Mia’s concern for Lorrie Ann may be misplaced. Is Mia a caring lifelong friend, or is she overbearing — prying into things that are none of her business? When your best friend seems to be purposely jumping off a bridge, does it make you “judgmental” if you express dismay and try to talk her down off the railing? Thorpe asks what happens to the people we used to know when we stop knowing them — and what happens to us.
— Jennifer Levin
Sometimes the most gripping tales aren’t steeped in espionage or set in faraway lands. Familiar characters don’t necessarily need to be household names plucked from history books. The beauty of Owen’s Daughter, the 12th and latest novel by Santa Fe’s own Jo-Ann Mapson, is the realistic pathos of the human condition experienced by characters who could live right next door. If you’re human, you can’t help but relate to it.
What could be more suspenseful than parent-child relationships, lifechanging health conditions, fragile or broken love connections, and the steep climb out of the abyss of addiction? These travails, set against a Santa Fe backdrop so vivid that the city becomes a mood instead of a star on a map, besiege characters so rich and well developed that the reader can visualize each one. The cadence of each voice and the posture each person would strike walking into or out of a room take shape quickly, thanks to Mapson’s thrifty tone.
Mapson introduces us to Skye Elliot as she’s about to exit rehab, bitter and still craving booze and pills but determined to reclaim her 4-year-old daughter, Grace. Finding Grace proves arduous, as her rodeo-cowboy daddy, Skye’s estranged husband, has seemingly vanished with her. Enter another cowboy daddy — Skye’s father, Owen Garrett. After years of absence from Skye’s life, he shows up on horseback to whisk his daughter away from rehab. Throughout their years of distance, father and daughter have traveled parallel tracks. Both have struggled with alcoholism that has at times landed them in trouble with the law. Both have changed their names, hoping to reinvent themselves and leave behind who they once were. And both harbor an enduring love of horses. Together they bunk down at a vacant Canyon Road home that belongs to Skye’s mother and Owen’s ex-wife, self-absorbed Sheila. She seldom occupies the house, jet-setting instead with her plastic-surgeon husband.
Tumult follows Margaret Yearwood, a 50-year-old divorcée still haunted by her love for none other than Owen, who disappeared from her life a decade before with little warning. Margaret endures the death of the aging aunt she has cared for, catastrophic news about her own health, and the unexpected return of her petulant deaf son, Peter, a 20-something whose marriage is in shambles.
Skye’s quest to find Grace, and Owen’s push to find a job working with horses so he can help bankroll the search, leads to Margaret’s neighbors Glory and Joe Vigil.
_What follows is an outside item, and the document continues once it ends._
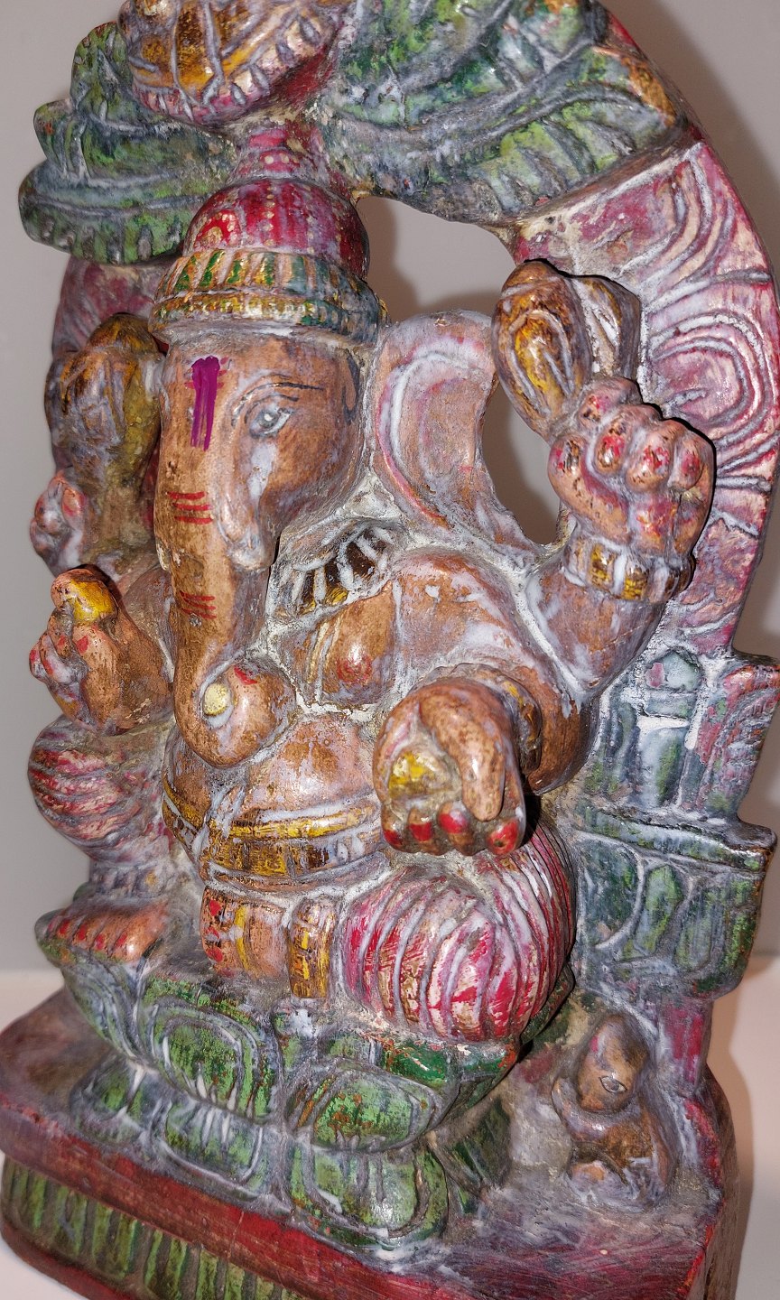 Bemalet figur skåret i træ forestillende den indiske elefantgud Ganesh. Fremstår I god stand. Mål: H. 24,5 cm L. 15,5 cm D. 6,5.cm

That connection and a chance encounter with Peter bring Owen and Margaret (whose torrid affair was the subject of Mapson’s novel Blue Rodeo) back to each other. They reunite romantically, to the chagrin of Peter and the delight of Skye. After explaining his disappearance a decade earlier — a prison stretch for his role in a violent fight — Owen quickly reawakens the passion that he and Margaret never let die.
An apparition that could reside almost anywhere in this 400-year-old town observes the whole story as it unfolds, but her presence in the book is sparse enough to keep the plot largely believable. The author treats us to a few unpredictable plot twists in the homestretch, but the true appeal of
Owen’s Daughter lies in the shared experience — or potential for it — that resides within us all.
For readers familiar with Santa Fe, it holds a bonus. They’ll recognize local haunts and their distinctive flavors — even a few people, from concho-belted socialites to plain-spoken vaqueros and families with centuries of roots here. Together, these elements give readers who know our city the sense that Mapson is whispering a secret in their ears.